PROBLEM TO WORK ON →
The answer must give back every line of the data exactly, with no pictures.

━━━ COLLECTED MATERIAL ━━━

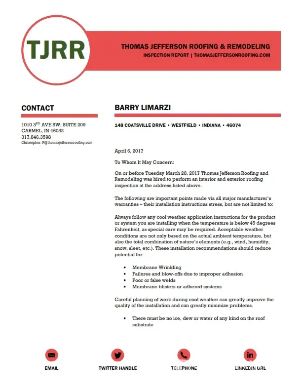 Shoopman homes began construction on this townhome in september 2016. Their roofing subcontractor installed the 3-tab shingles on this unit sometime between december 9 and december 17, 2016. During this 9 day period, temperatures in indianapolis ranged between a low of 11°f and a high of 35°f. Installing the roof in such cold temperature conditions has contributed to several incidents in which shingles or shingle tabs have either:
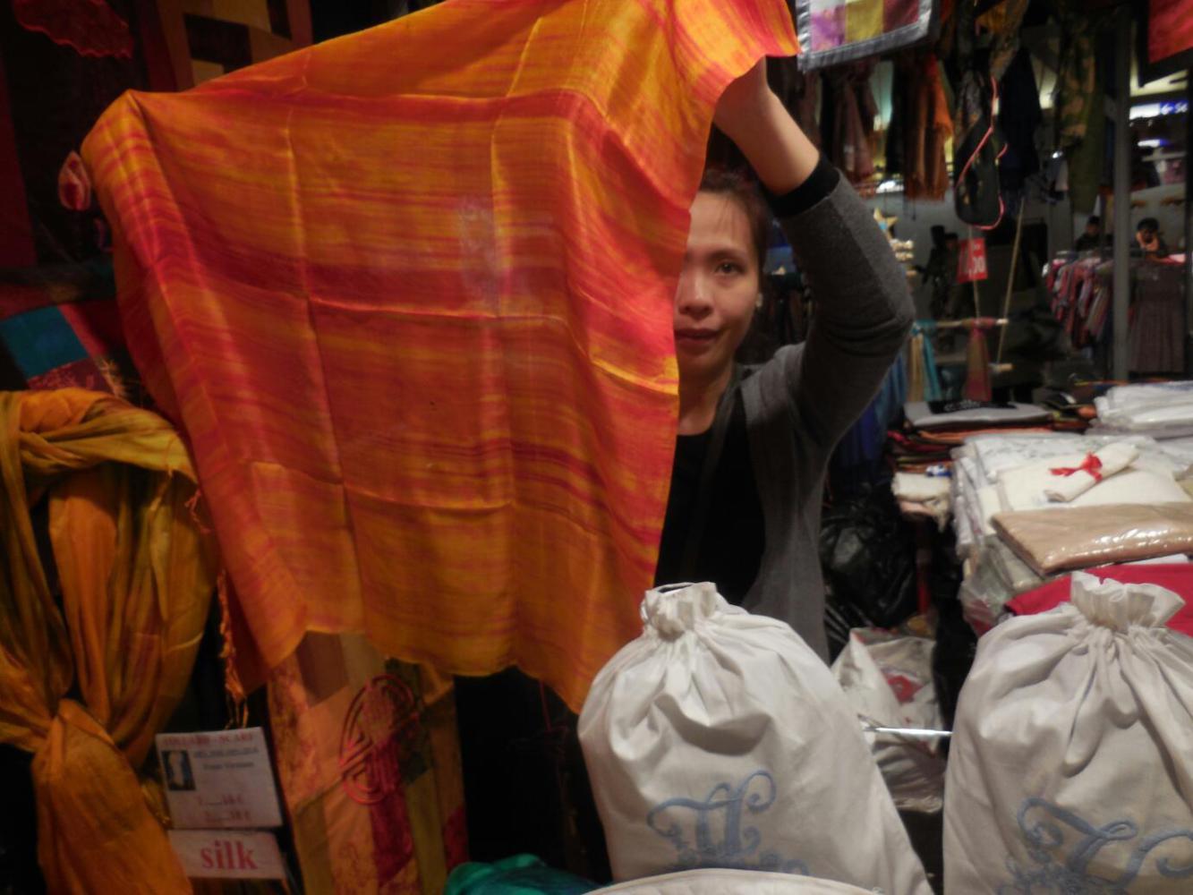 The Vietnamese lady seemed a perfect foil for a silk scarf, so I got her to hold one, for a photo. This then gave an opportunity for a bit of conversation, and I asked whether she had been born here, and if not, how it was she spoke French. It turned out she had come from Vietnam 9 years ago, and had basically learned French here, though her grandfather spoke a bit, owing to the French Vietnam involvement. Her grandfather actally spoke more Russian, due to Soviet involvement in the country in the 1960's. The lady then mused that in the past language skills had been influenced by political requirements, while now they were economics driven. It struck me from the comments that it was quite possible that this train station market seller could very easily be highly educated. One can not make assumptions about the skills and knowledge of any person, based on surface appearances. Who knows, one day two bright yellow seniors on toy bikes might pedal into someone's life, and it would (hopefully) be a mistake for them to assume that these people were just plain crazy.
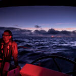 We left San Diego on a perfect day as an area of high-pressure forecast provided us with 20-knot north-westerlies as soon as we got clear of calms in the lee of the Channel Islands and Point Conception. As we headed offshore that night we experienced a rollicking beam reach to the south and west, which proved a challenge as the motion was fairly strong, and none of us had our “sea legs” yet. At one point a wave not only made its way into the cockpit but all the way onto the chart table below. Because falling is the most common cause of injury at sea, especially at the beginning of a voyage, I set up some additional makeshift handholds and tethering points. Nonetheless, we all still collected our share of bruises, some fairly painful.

━━━

EXERCISE SOLUTION →
 Shoopman homes began construction on this townhome in september 2016. Their roofing subcontractor installed the 3-tab shingles on this unit sometime between december 9 and december 17, 2016. During this 9 day period, temperatures in indianapolis ranged between a low of 11°f and a high of 35°f. Installing the roof in such cold temperature conditions has contributed to several incidents in which shingles or shingle tabs have either:
 The Vietnamese lady seemed a perfect foil for a silk scarf, so I got her to hold one, for a photo. This then gave an opportunity for a bit of conversation, and I asked whether she had been born here, and if not, how it was she spoke French. It turned out she had come from Vietnam 9 years ago, and had basically learned French here, though her grandfather spoke a bit, owing to the French Vietnam involvement. Her grandfather actally spoke more Russian, due to Soviet involvement in the country in the 1960's. The lady then mused that in the past language skills had been influenced by political requirements, while now they were economics driven. It struck me from the comments that it was quite possible that this train station market seller could very easily be highly educated. One can not make assumptions about the skills and knowledge of any person, based on surface appearances. Who knows, one day two bright yellow seniors on toy bikes might pedal into someone's life, and it would (hopefully) be a mistake for them to assume that these people were just plain crazy.
 We left San Diego on a perfect day as an area of high-pressure forecast provided us with 20-knot north-westerlies as soon as we got clear of calms in the lee of the Channel Islands and Point Conception. As we headed offshore that night we experienced a rollicking beam reach to the south and west, which proved a challenge as the motion was fairly strong, and none of us had our “sea legs” yet. At one point a wave not only made its way into the cockpit but all the way onto the chart table below. Because falling is the most common cause of injury at sea, especially at the beginning of a voyage, I set up some additional makeshift handholds and tethering points. Nonetheless, we all still collected our share of bruises, some fairly painful.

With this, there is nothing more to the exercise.